Identifying Data to Accelerate our Data Strategy

Posted in: Business Insights, Technical Track
We previously discussed the successful formula for creating and executing an organization’s data strategy. The process of developing a data strategy should be led by executives focused on transformation, go-to-market or data. While the technology teams should be part of planning the execution of data strategies, their voice is limited to practicality of timeline and to recommend technical capabilities that can accelerate the implementation of the strategy. This structure is backed by defined measures of success and adoption of new capabilities aligned with revenue, profitability, competitive adoption and shortened sales cycles.
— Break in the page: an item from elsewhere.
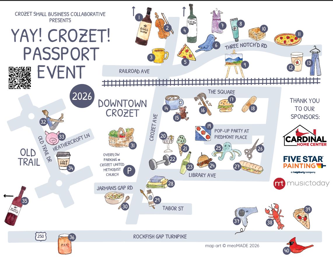 The 3rd Annual "Yay! Crozet!" Passport Event - Explore around Crozet on Saturday, April 18, during the third annual "Yay! Crozet!" event. This community-wide "treasure hunt" invites you to visit local boutiques, vineyards, and cafes while discovering local makers at the Community Corner in Piedmont Place. Organized by the Crozet Small Business Collaborative, the event is a fun, free way to support the local economy and win prizes from your favorite merchants.

Many data strategy creation projects begin with a brainstorming of use cases across the organization. While this can be a thought provoking exercise, many organizations do not have foundational capabilities or reliable business processes to enable the aspirational dreams of executive teams. We often start by understanding what data is available to use throughout the organization and use that inventory to discuss applicable use cases that are more feasible in the short term and will enable the building of foundational capabilities for future innovation. Starting with use cases is fine if the organization desires, but can often leave a lot of scraps on the cutting room floor due to incomplete data as teams begin to dig into work-streams and implementation plans.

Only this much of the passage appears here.